I have in my hands a book titled "Ansco Formulas" for black and white photography. This book is a
"Revised to July 1946" edition, 36 pages, giving 50 formulas, and the procedures for use of those formulas. Some of which, as of that publication, were prepackaged for sale and others that were apparantly just published.
Price 10 cents.

The formula that Photographers Formulary packages today is the exact formula that is published in that book.The formula is as follows to make 1 liter.
Metol 2.2 grams
Sodium sulifite 50 grams
Hydroquinone 11 grams
Sodium Carbonate Monohydrate 78 grams
Potassium Bromide 5.5 grams
Glycin 11 grams

"This formula is a universal developer for all projection and contact papers. It gives rich black tones with excellent brilliance and detail.
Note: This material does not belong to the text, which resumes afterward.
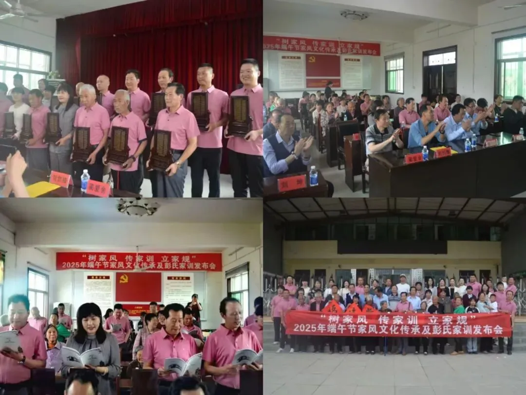 十二、2025年5月31日,我们在景村镇景村街社区举办“树家风,传家训,立家规”一一2025年端午节家风文化传承暨《家族文化与洛南彭氏家谱家训》新书发布会。

Ansco 130 provides unusual latitude in development and is clean working even with long development times."
"The prepared stock solution is clear but slightly colored. The coloration in this case does not indicate the developer has deteriorated or is unfit for use."
"For use, dilute 1 part stock solution with 1 part water."
"Normal developing time at 68 F (20 C)" then a list of no longer available paper is listed, but development time is listed from 1 to 6 minutes depending on paper.
"Greater contrast can be obtained by using the developer stock solution full strength. Softer results can be obtained by diluting 1 part stock solution with 2 parts water."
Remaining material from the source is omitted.